Abstract
This paper demonstrates, by means of a systematic uncertainty analysis, that the use of outputs from more than one model can significantly improve conditional forecasts of discharges or water stages, provided the models are structurally different. Discharge forecasts from two models and the actual forecasted discharge are assumed to form a three-dimensional joint probability density distribution (jpdf), calibrated on long time series of data. The jpdf is decomposed into conditional probability density distributions (cpdf) by means of Bayes formula, as suggested and explored by Krzysztofowicz in a series of papers. In this paper his approach is simplified to optimize conditional forecasts for any set of two forecast models. Its application is demonstrated by means of models developed in a study of flood forecasting for station Stung Treng on the middle reach of the Mekong River in South-East Asia.
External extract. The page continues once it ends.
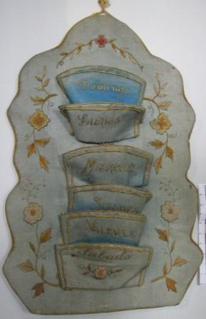 Semanario tarxeteiro coa alma de cartón forrada en tea azul e bordado con motivos florais en dourado. Conta con seis departamentos para cada día da semana co nome correspondente bordado en letra inglesa. Fáltalle o martes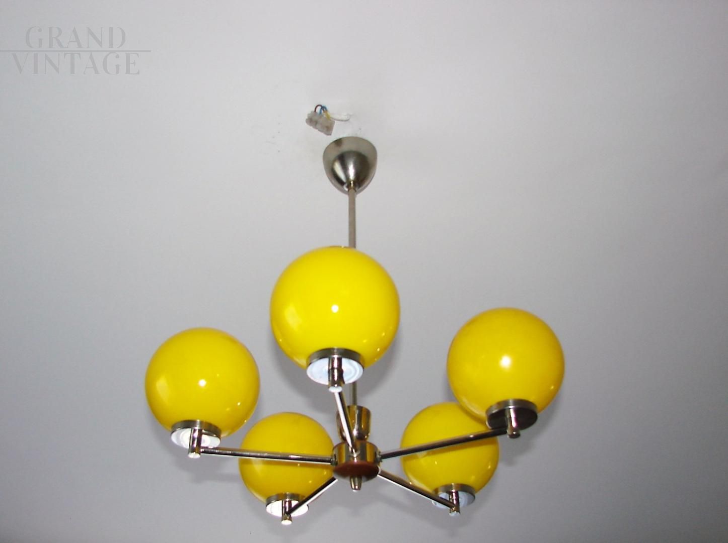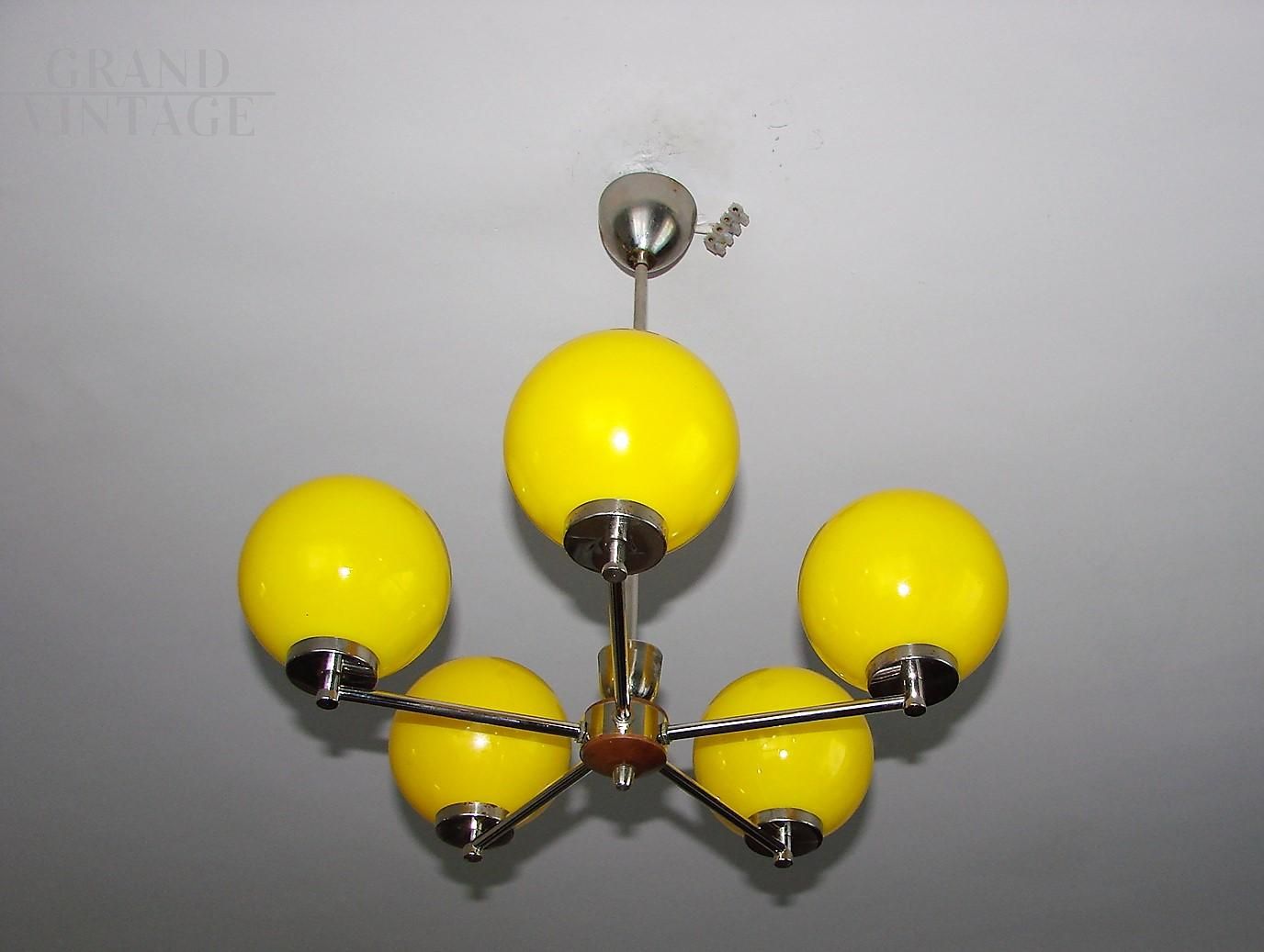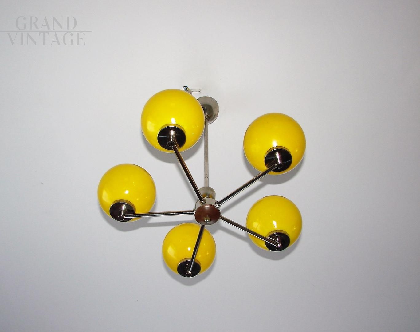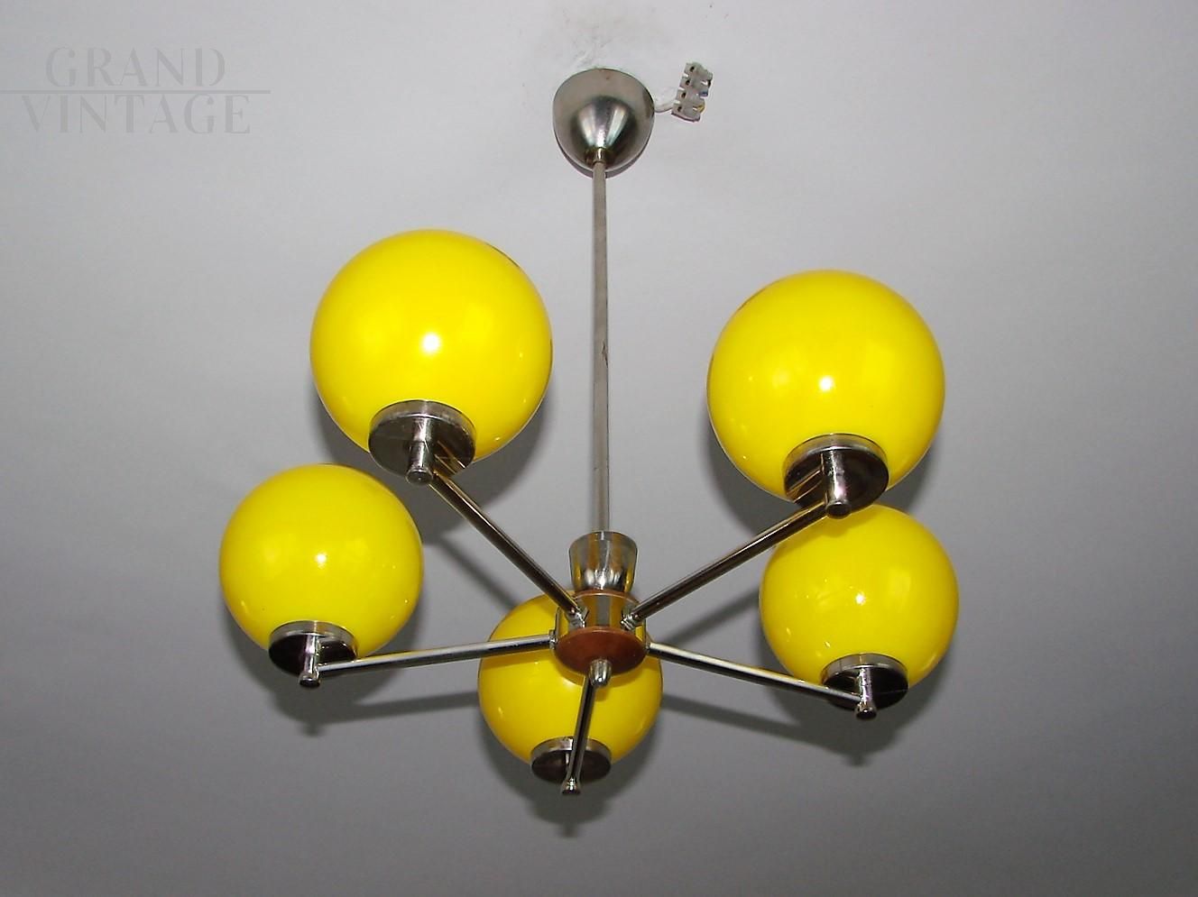 Lampadario vintage modernariato anni '60 con struttura in metallo nichelato e 5 sfere paralume in vetro giallo. Il lampadario necessita di 5 lampadine E14.

Four different forecast models were used and pairwise combined: forecast with no model, with persistence model, with a regression model, and with a rainfall-runoff model. Working with cpdfs requires determination of dependency among variables, for which linear regressions are required, as was done by Krzysztofowicz. His Bayesian approach based on transforming observed probability distributions of discharges and forecasts into normal distributions is also explored. Results obtained with his method for normal prior and likelihood distributions are identical to results from direct multiple regressions. Furthermore, it is shown that in the present case forecast accuracy is only marginally improved, if Weibull distributed basic data were converted into normally distributed variables.
Highlights
Our objective is to provide a systematic error analysis based on Bayes formula in order to obtain the optimum forecast from up to two models, and to determine the probability density function of forecast errors eF(i+m)
The second step is model calibration because hydrological models generally depend on empirical parameters which are specific for the basin considered
We start with given forecast models, which are supposed to have been developed in a design phase
Summary
The best forecast is defined as that linear combination of model outputs from the set which minimizes the forecast error. The result is a simplified version of the Bayesian framework developed by Krzysztofowicz [1], and Todini [2] This approach is generally applicable to any two forecast models. For each of the flood forecast models that set of model parameters is determined which minimizes the error between forecast and observation of long historical time series. Due to model-, parameter- , and other uncertainties only estimates for the true record are obtained, and the purpose of the analysis in this paper is to minimize total uncertainty, which shall be expressed through the error of observed record minus forecast.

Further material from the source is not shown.